_AVAILABLE DATA_.
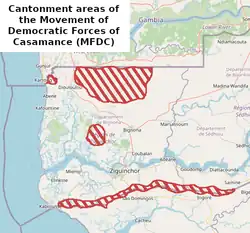 22. ^ a b c d Foucher, Vincent (2019). "The Mouvement des Forces Démocratiques de Casamance: The Illusion of Separatism in Senegal?". In Lotje de Vries; Pierre Englebert; Mareike Schomerus (eds.). Secessionism in African politics aspiration, grievance, performance, disenchantment. Cham: Palgrave Macmillan. pp. 265–292. ISBN 978-3-319-90205-0.
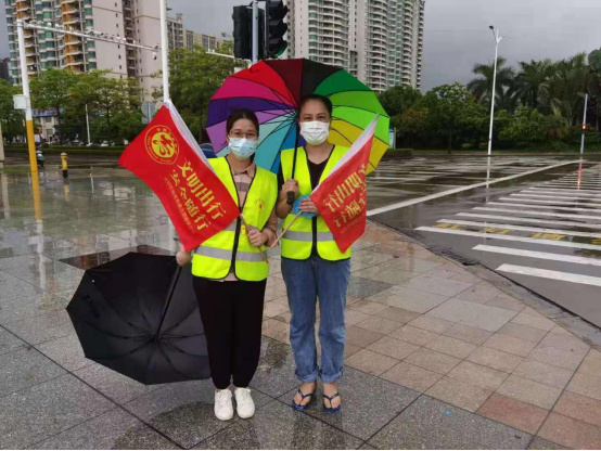 同月,為提高黨員服務(wù)群眾的意識(shí),落實(shí)學(xué)黨史,辦實(shí)事,7月20日,中山紀(jì)念小學(xué)黨支部組織黨員教師在德能東路、港義路路口開展交通勸導(dǎo)志愿服務(wù)工作。志愿者們冒雨進(jìn)行交通勸導(dǎo)工作,在暴雨紅色、臺(tái)風(fēng)黃色預(yù)警的情況下,仍然堅(jiān)持在交通引導(dǎo)崗位,協(xié)助路口的交通疏導(dǎo),全心全意為群眾服務(wù),將黨史學(xué)習(xí)教育走深走實(shí),為2021年暑假創(chuàng)文志愿服務(wù)活動(dòng)貢獻(xiàn)自己的力量。
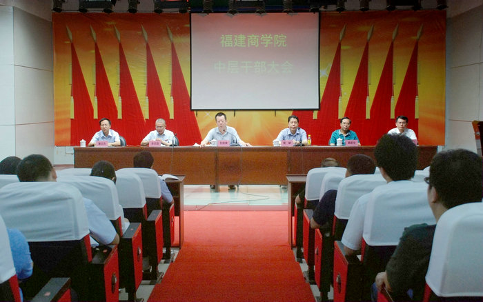 7月5日,必赢国际437官网召开中层干部大会。党委书记刘剑津代表校党委宣布学校内设机构干部岗位调整方案并作讲话。黄斌院长主持会议。校领导吴访益、袁新文、康文杰、黄身勇以及鼓楼校区、连江校区和马尾校区的所有中层干部参加了大会。
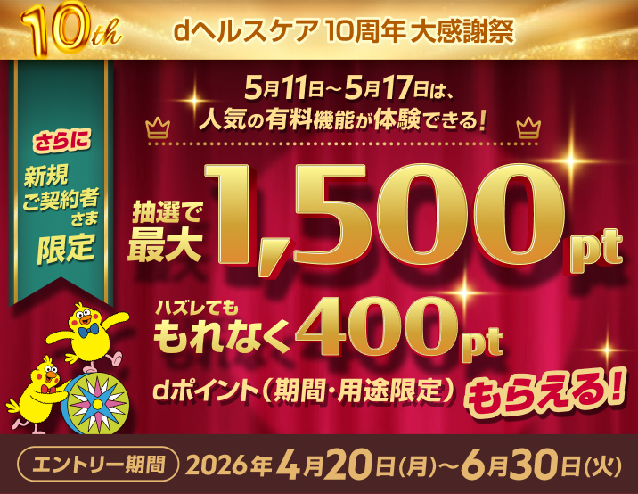 【dヘルスケア10周年記念】人気有料機能おためし&最大1500ptもらえるキャンペーン
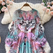 ワンピース ヒラヒラ グラデーション ピンク 緑 グリーン トライバル かわいい レディース ロングスカート フレアスカート 袖あり 長袖 Vネック フリル 大人可愛い 大人 大人女子 きれいめ おしゃれ お洒落 ラブリー キュート ガーリー フェミニン 10代 20代 30代 通勤 学生 通学 デート お出かけ 女子会 休日 普段使い カラフル カジュアル こなれ感 ラフ ルーズ 抜け感 ゆったり 上品 エレガント インスタ映え 披露宴 パーティー イベント フローラル 花柄 フラワー ボタニカル
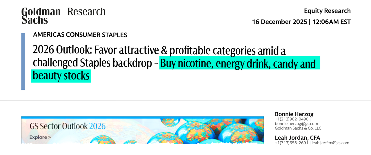 Bonnie Herzog, managing director and senior consumer analyst at Goldman Sachs, told clients Tuesday that, after consumer staples' underperformance in 2025, it is time to buy nicotine, energy drink, candy, and beauty stocks heading into 2026 as a stronger consumer backdrop emerges.
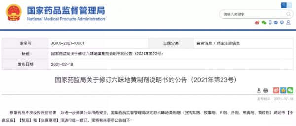 今日,国家药品监督管理局发布公告,分别对六味地黄制剂处方药和非处方药(包括丸剂、胶囊剂、片剂、合剂、煎膏剂、颗粒剂)说明书【不良反应】、【禁忌】和【注意事项】项进行统一修订。
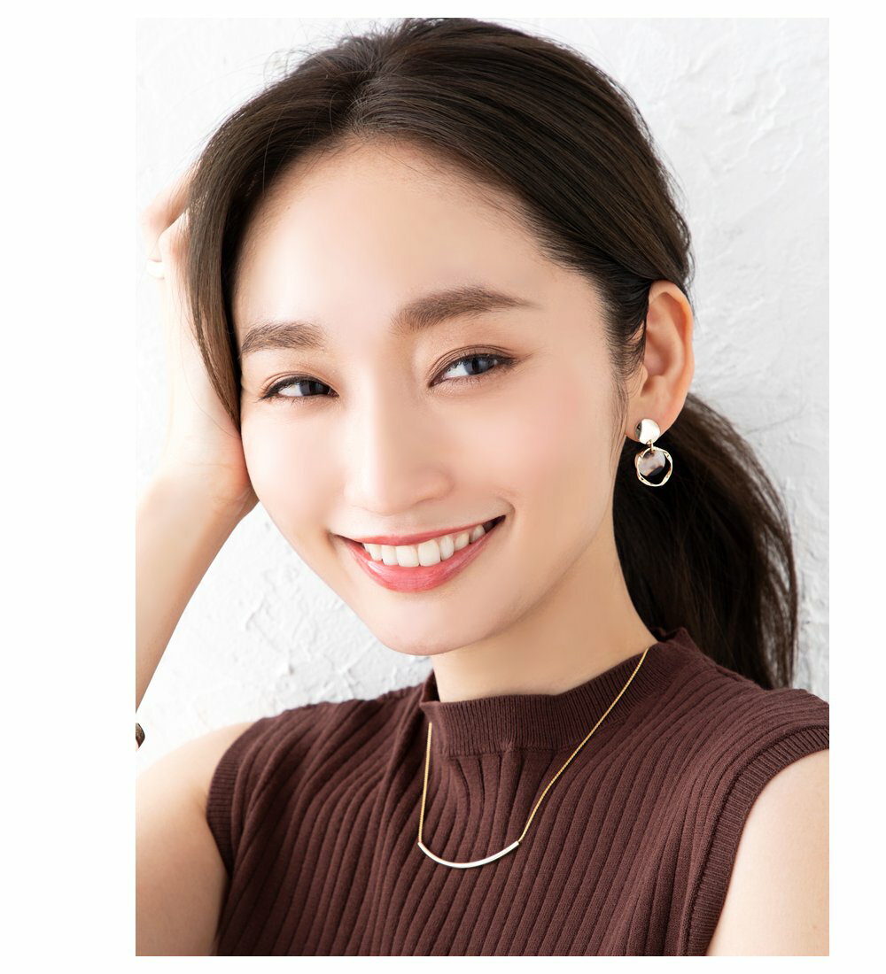 ゆがみを加えた艶やかなメタルパーツと、小さなマーブルプレートがコンビになったピアス。
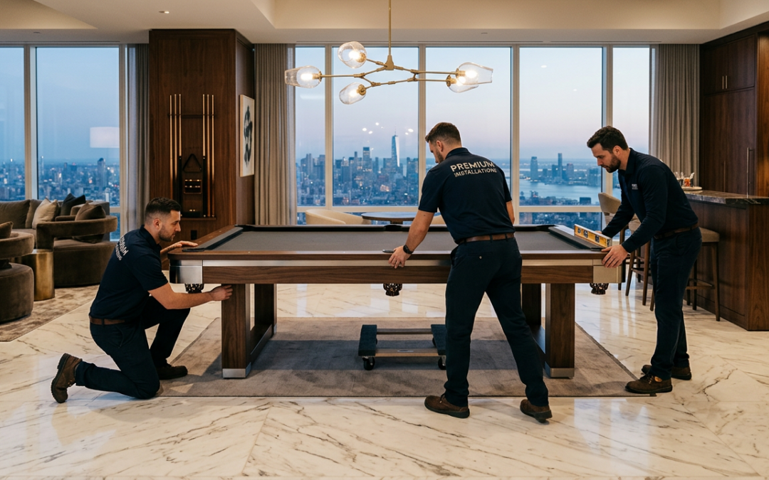 You should confirm room dimensions, clearance for cue play, access routes, flooring protection, and where the final table placement should be. A pre-installation consultation helps with all of that.
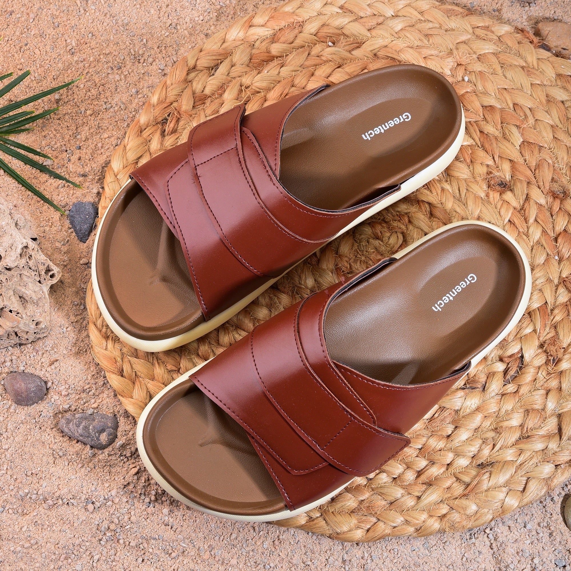 Step into a new era of walking comfort with the Greentech Cloud Rush™ Velcro Slides, designed to make every step feel weightless. This premium collection features our signature thick Cloud Platform Sole, engineered to provide superior shock absorption and high-rebound cushioning that significantly reduces foot fatigue during all-day wear. Unlike standard slides, the Cloud Rush offers a fully customizable fit thanks to its broad, adjustable Velcro strap upper, ensuring unparalleled security for narrow, wide, or high-arched feet alike. Crafted with a deep, contoured footbed that cradles your arch and a sleek, premium matte finish, these sandals perfectly bridge the gap between orthopedic-grade support and contemporary streetwear style—making them your essential go-to for effortless, stylish daily luxury.
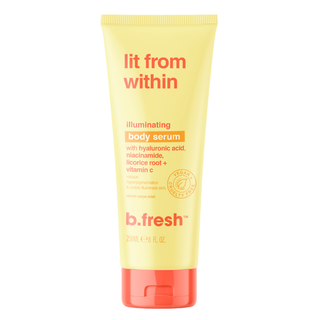 B.Fresh Illuminating Body Serum 236ml is a lightweight yet powerful body treatment crafted to enhance skin’s natural glow, improve texture, and deliver lasting hydration. Its formula combines botanical extracts, brightening antioxidants, and natural moisturizers to revitalize dull skin and promote a radiant, even-toned appearance.
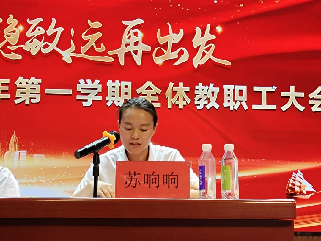 苏响响助理宣读2025-2026学年各年级教师安排决定。她表示,本次师资调配坚持“老中青结合、学科均衡、优势互补”原则,“既让经验丰富的骨干教师引领团队,也为青年教师搭建成长平台”。她呼吁全体教师:“以‘全校一盘棋’的大局观,打破年级、学科壁垒,共同为学校教育质量提升贡献力量。”
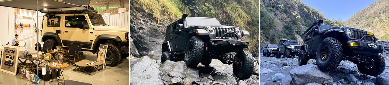 由 Suzuki Jimny、Jeep、INEOS Grenadier、Toyota Tacoma 所組成的越野車隊。FRTW一次集結全台北中南的夥伴,從小巧靈活到霸氣越野,展現各種車宿風格。車不只是代步工具,而是戶外生活的移動基地。期待讓更多人實際感受車宿生活的樣貌!
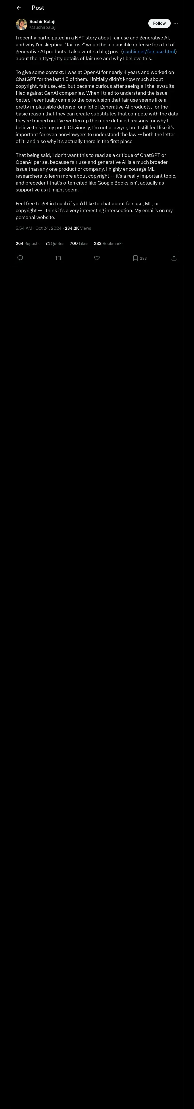 https://x.com:443/suchirbalaji/status/1849192575758139733
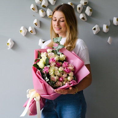 Троянда мікс імпортна – 21 шт, троянда кущова – 5 шт, евкаліпт, упаковка.
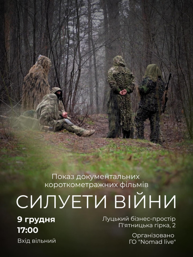 9 грудня у Луцькому бізнес-просторі (П’ятницька гірка, 2) о 17:00 відбудеться показ документальних короткометражних фільмів «Силуети війни».
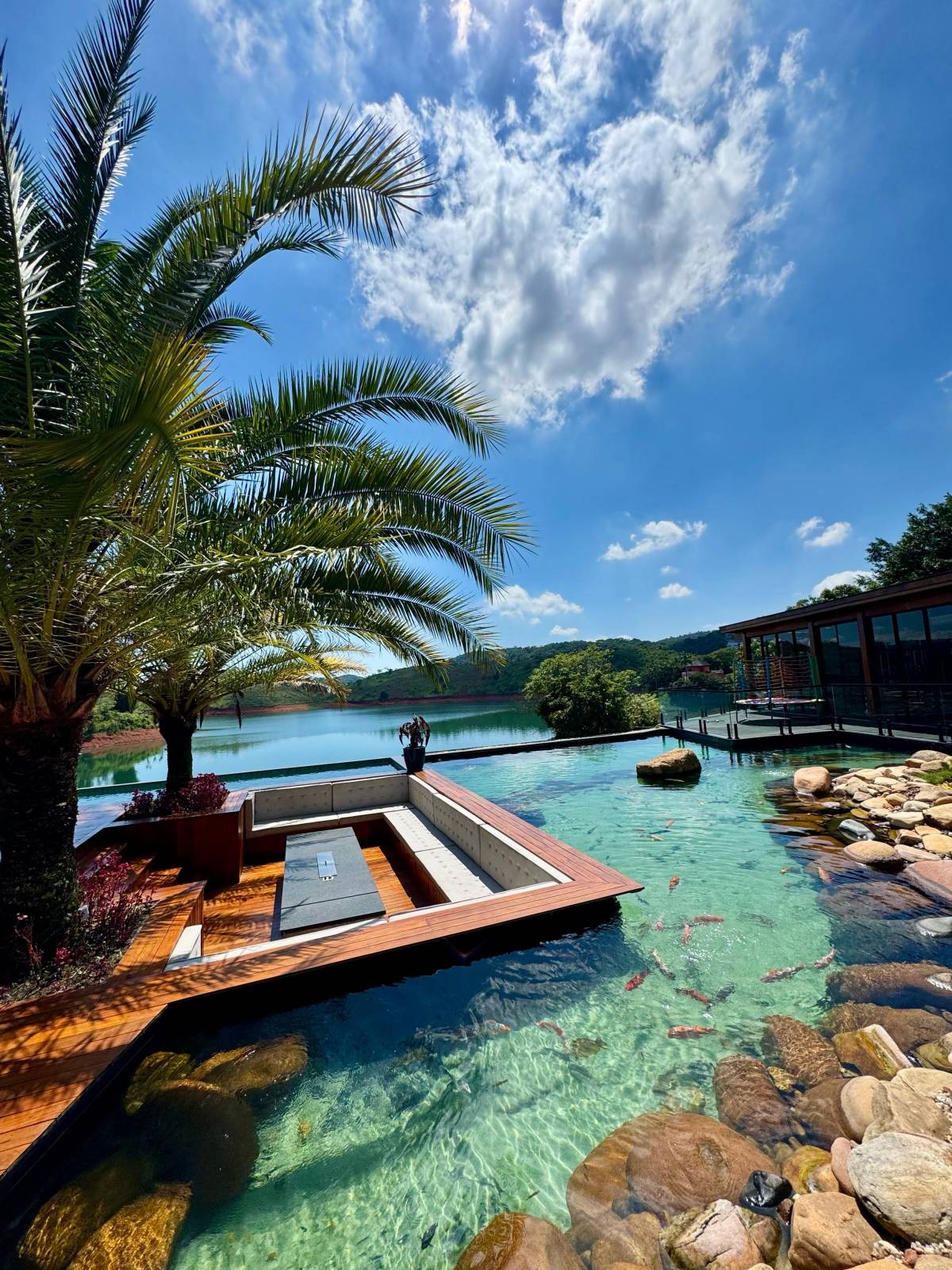 O lazer é garantido com piscina, SPA aquecido, lareira, sauna, academia completa com vista para a represa, playground e um lago ornamental. Para os amantes da náutica, a propriedade conta com um pier de 50 mª com sistema de som e uma garagem náutica.
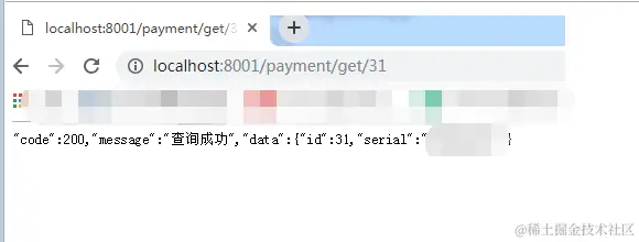 将项目启动之后,进行测试,访问地址:http://localhost:8001/payment/get/1 最后一位为数据库中的主键 id
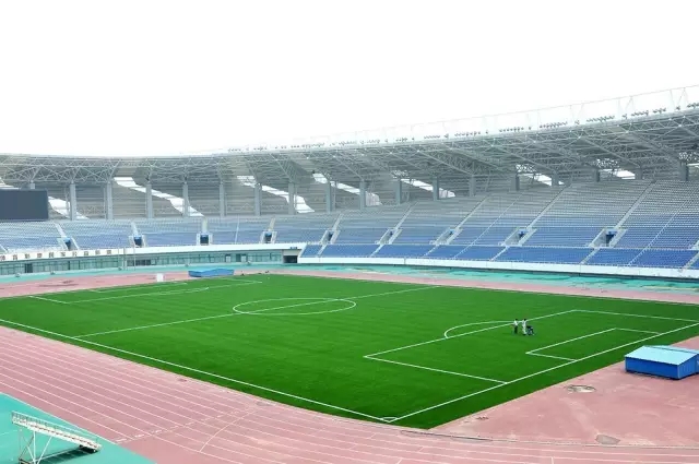 本次文登體育中心足球場地翻新修葺工程,由合作伙伴山東東海塑膠有限公司承接,東海塑膠公司選用來自北京火炬生產(chǎn)的優(yōu)質(zhì)運動系人造草坪產(chǎn)品,加以嚴謹?shù)氖┕すに?,并嚴格按照國際足聯(lián)(FIFA)場地系統(tǒng)標準施工鋪設(shè)完成。
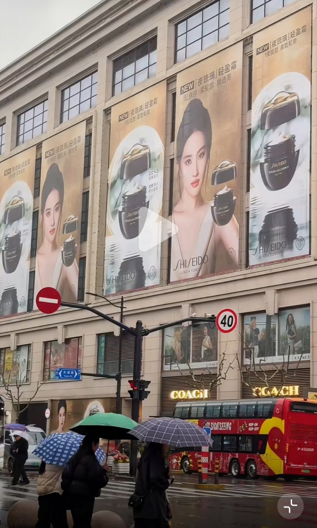 猫人追觅无缝衔接走过一条街全是资生堂,转弯遇上天梭超大硬广,还有LV,祖玛珑,珀莱雅,把上海刷成刘亦菲痛城

_TASK TO CARRY OUT_.
Inclusive range, exact copy: the line containing "B.Fresh Illuminating Body" through the last line of the listing. Print nothing else, and no pictures.

_WRITTEN REPLY_.
 B.Fresh Illuminating Body Serum 236ml is a lightweight yet powerful body treatment crafted to enhance skin’s natural glow, improve texture, and deliver lasting hydration. Its formula combines botanical extracts, brightening antioxidants, and natural moisturizers to revitalize dull skin and promote a radiant, even-toned appearance.
 苏响响助理宣读2025-2026学年各年级教师安排决定。她表示,本次师资调配坚持“老中青结合、学科均衡、优势互补”原则,“既让经验丰富的骨干教师引领团队,也为青年教师搭建成长平台”。她呼吁全体教师:“以‘全校一盘棋’的大局观,打破年级、学科壁垒,共同为学校教育质量提升贡献力量。”
 由 Suzuki Jimny、Jeep、INEOS Grenadier、Toyota Tacoma 所組成的越野車隊。FRTW一次集結全台北中南的夥伴,從小巧靈活到霸氣越野,展現各種車宿風格。車不只是代步工具,而是戶外生活的移動基地。期待讓更多人實際感受車宿生活的樣貌!
 https://x.com:443/suchirbalaji/status/1849192575758139733
 Троянда мікс імпортна – 21 шт, троянда кущова – 5 шт, евкаліпт, упаковка.
 9 грудня у Луцькому бізнес-просторі (П’ятницька гірка, 2) о 17:00 відбудеться показ документальних короткометражних фільмів «Силуети війни».
 O lazer é garantido com piscina, SPA aquecido, lareira, sauna, academia completa com vista para a represa, playground e um lago ornamental. Para os amantes da náutica, a propriedade conta com um pier de 50 mª com sistema de som e uma garagem náutica.
 将项目启动之后,进行测试,访问地址:http://localhost:8001/payment/get/1 最后一位为数据库中的主键 id
 本次文登體育中心足球場地翻新修葺工程,由合作伙伴山東東海塑膠有限公司承接,東海塑膠公司選用來自北京火炬生產(chǎn)的優(yōu)質(zhì)運動系人造草坪產(chǎn)品,加以嚴謹?shù)氖┕すに?,并嚴格按照國際足聯(lián)(FIFA)場地系統(tǒng)標準施工鋪設(shè)完成。
 猫人追觅无缝衔接走过一条街全是资生堂,转弯遇上天梭超大硬广,还有LV,祖玛珑,珀莱雅,把上海刷成刘亦菲痛城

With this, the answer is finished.